• [TRY IT]: Only the lines below between the one holding "03. 식기세척기 문을" and the one holding "圖2 細(xì)菌(a)和真", inclusive, are to be reproduced word for word; the pictures are to be left out.

Stored items from a collection
· · · ·

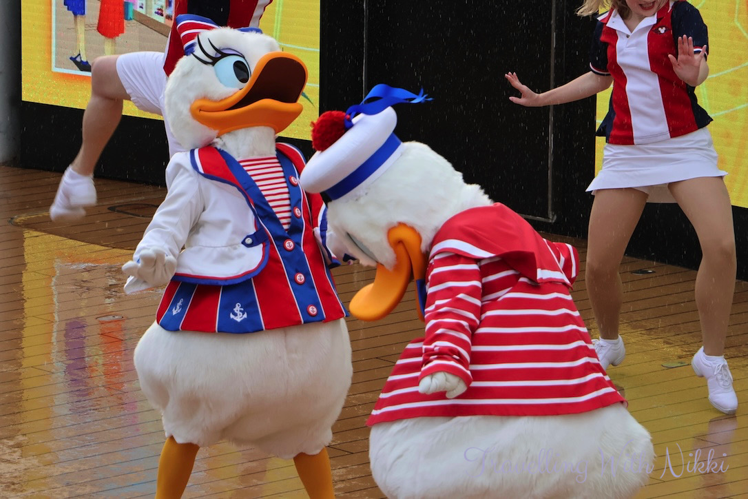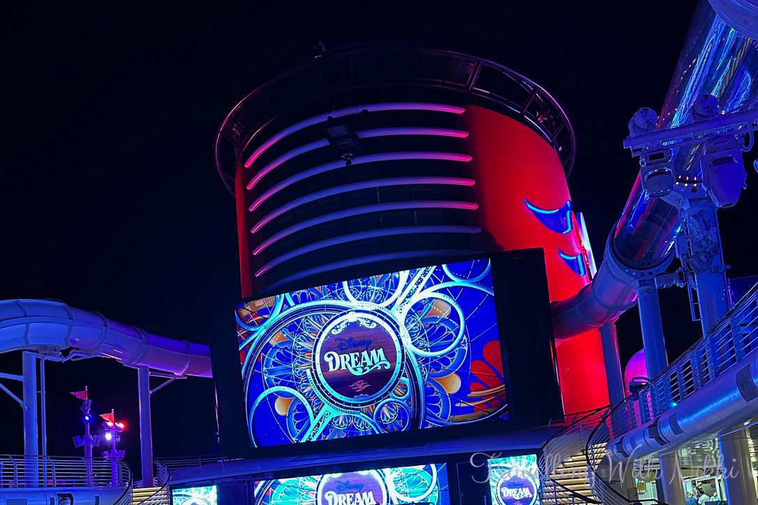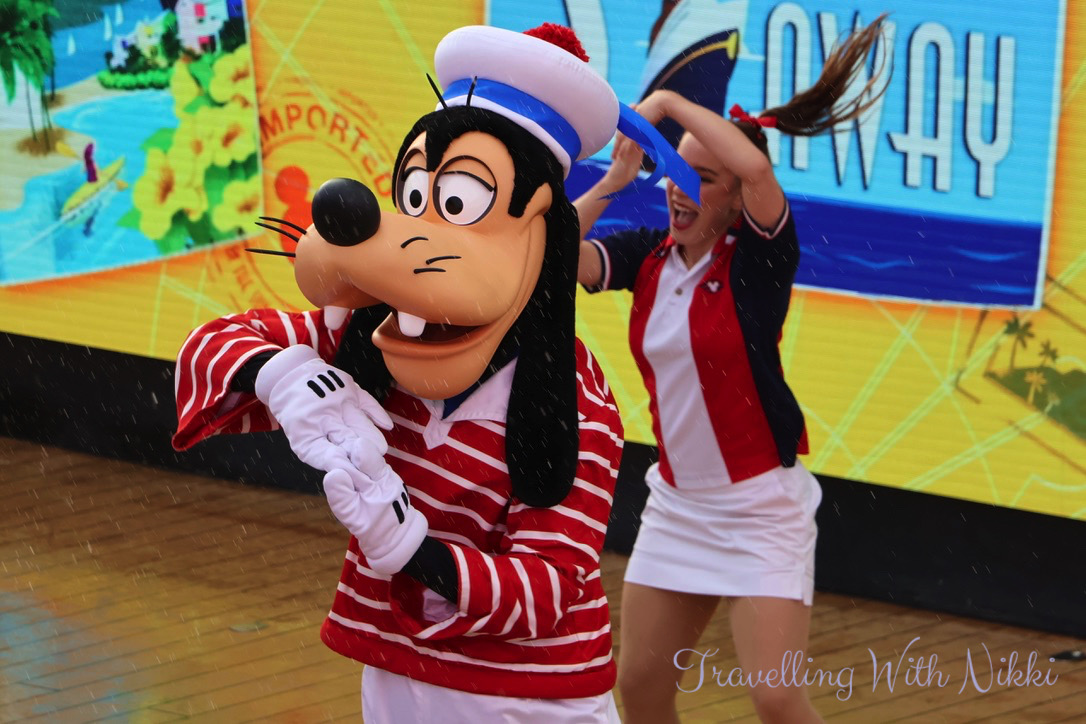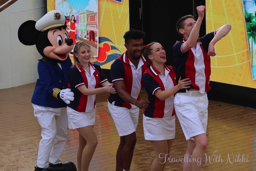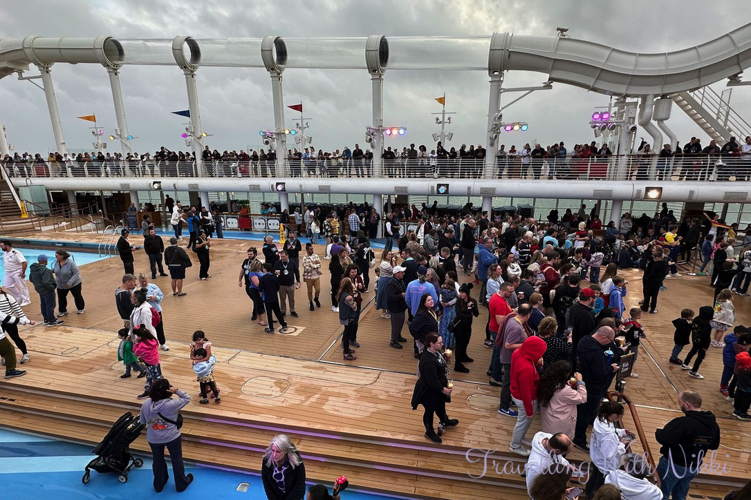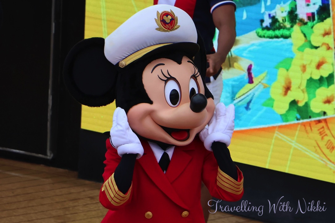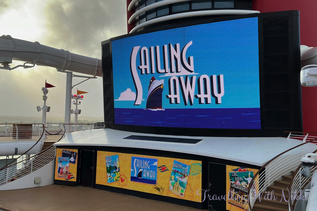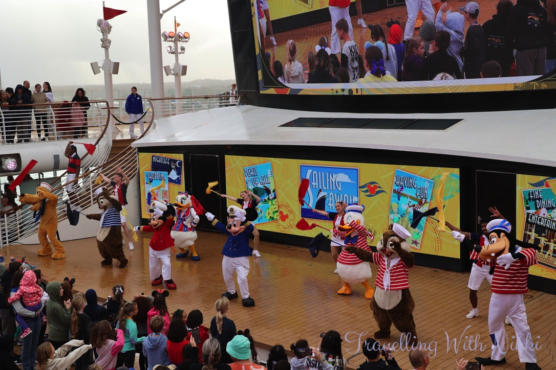 I had no issues getting one of my favourite spots on Deck 12 and more blue skies were slowly appearing which felt so good given the heavy rain all morning as I really thought that the party would be moved indoors to the Lobby Atrium which happened to us on our first cruise on the Dream in 2016. Another change to the Disney Dream during dry dock was the addition of the giant screens behind the stage similar to what is onboard the Disney Wish and the Disney Treasure which looked so much better than the backdrops that they used to put up for each event.
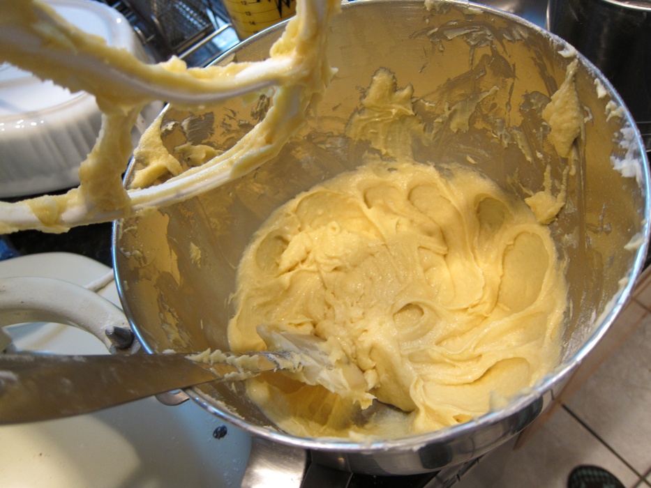 In a large bowl, beat the butter until smooth and shiny. Beat in the powdered sugar in 3 additions, beating after each. Add the egg mixture in three batches next, again beating after each. Add the flour mixture and beat until just combined.
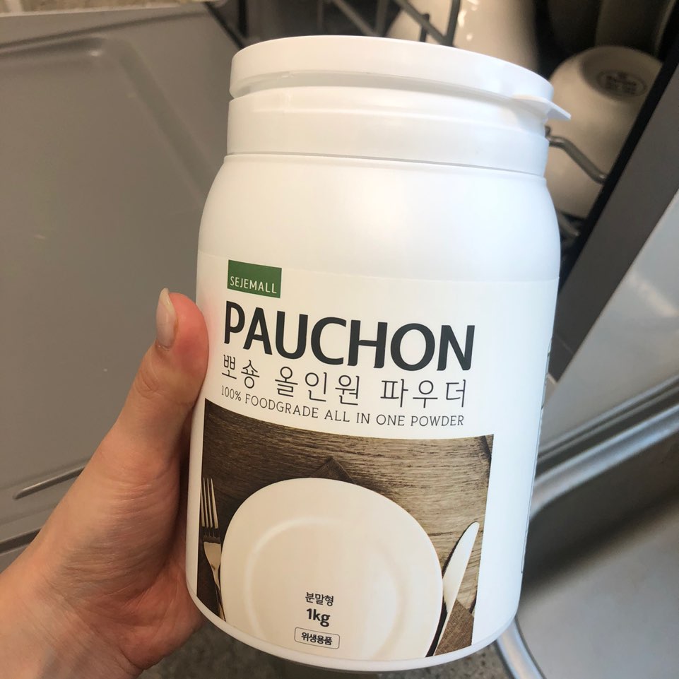 03. 식기세척기 문을 열고 식기세척기 전용 세제를 6g 넣어줍니다. 깨끗히 세척하신다고 절대 많이 넣지마시고 주방세제 넣으시면 안됩니다! 식기세척기 고장나용 ㅜㅜ 저는 뽀숑 올인원 파우더 세제를 사용하고 있습니다~ 쿠팡에서 로켓배송으로 구입했어요: ) 1종 세제로 야채,과일 세척도 가능하다고 하여 아기 설거지에도 안심하고 사용하고 있어요~
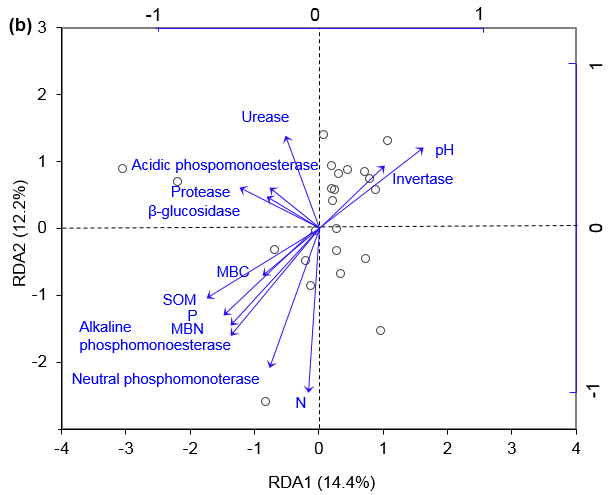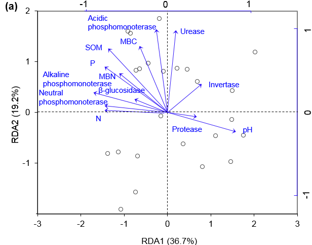 圖2 細(xì)菌(a)和真菌(b)群落結(jié)構(gòu)與土壤性質(zhì)的RDA分析
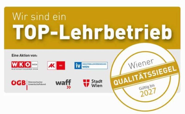 2023 haben wir erneut das Wiener Qualitätssiegel "Top-Lehrbetrieb 2023-2027" erhalten. Damit haben wir die Bestätigung von "höchster Stelle", dass wir alles richtig machen in der Lehrlingsausbildung. Wenn wir so weitermachen (oder noch besser werden), ist unsere Lehrlingsausbildung auf einem Standard, den es nicht oft in Wien oder sogar in Österreich gibt. Lehrlingsausbildung ist eine Investition, die sich lohnt. Das ist unsere Philosophie. Kompetente und verlässliche Arbeitskräfte, die "von der Pike auf" diesen Beruf erlernen, sind der Lohn und der Verdienst aller, die in der Lehrlingsausbildung mitwirken. Wir sind sehr dankbar, dass unsere Mitarbeiter diese Philosophie mittragen und unser Unternehmen zu einem Top-Lehrbetrieb gemacht haben!
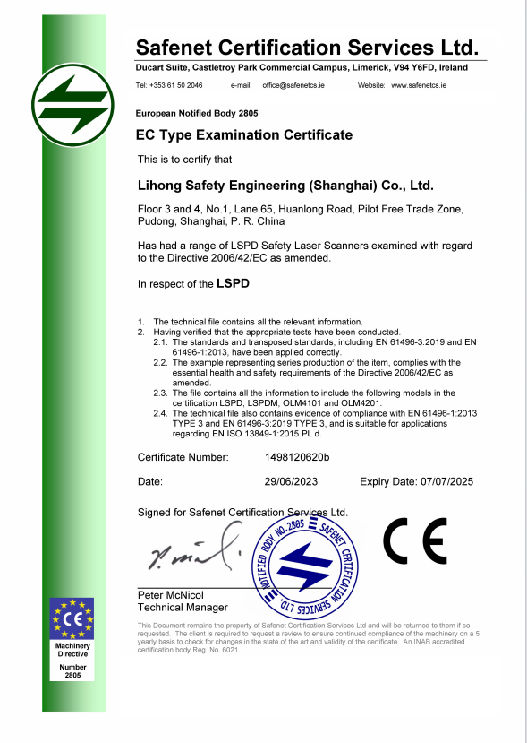 · 提供實時危險區域檢測 · 長達3米不規則安全檢測保護 · 可根據現現場環境設置避障 · 應用于能安全輸出的停止設備 | ![]() |
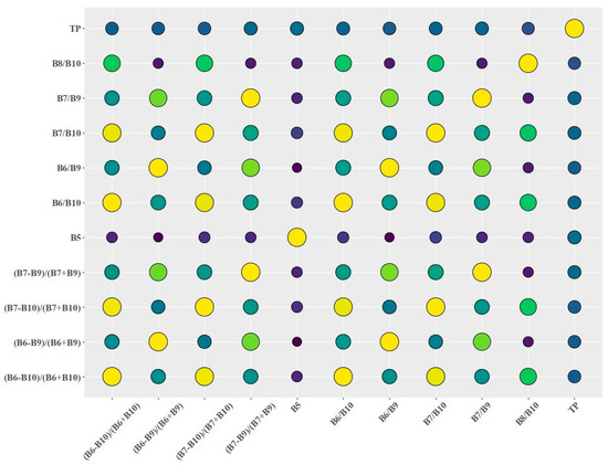 Figure 3 illustrates the correlation magnitudes between the top 10 spectral features most correlated with total phosphorus (TP) concentration. As depicted in Figure 3, there is a positive correlation between TP concentration and the generated spectral indices. The top 10 spectral indices with the strongest correlation to TP concentration are chosen for subsequent model construction and analysis. The final selection of these 10 spectral features is presented in Table 3. An F-test was conducted on the ten bands mentioned above, and the results show that the p-values for each band are all less than 0.05, indicating that their correlation with total phosphorus is significant and that they can be used as input data for the subsequent multilayer denoising autoencoder model.

· · · ·

• [EXERCISE RESPONSE]:
 03. 식기세척기 문을 열고 식기세척기 전용 세제를 6g 넣어줍니다. 깨끗히 세척하신다고 절대 많이 넣지마시고 주방세제 넣으시면 안됩니다! 식기세척기 고장나용 ㅜㅜ 저는 뽀숑 올인원 파우더 세제를 사용하고 있습니다~ 쿠팡에서 로켓배송으로 구입했어요: ) 1종 세제로 야채,과일 세척도 가능하다고 하여 아기 설거지에도 안심하고 사용하고 있어요~
 圖2 細(xì)菌(a)和真菌(b)群落結(jié)構(gòu)與土壤性質(zhì)的RDA分析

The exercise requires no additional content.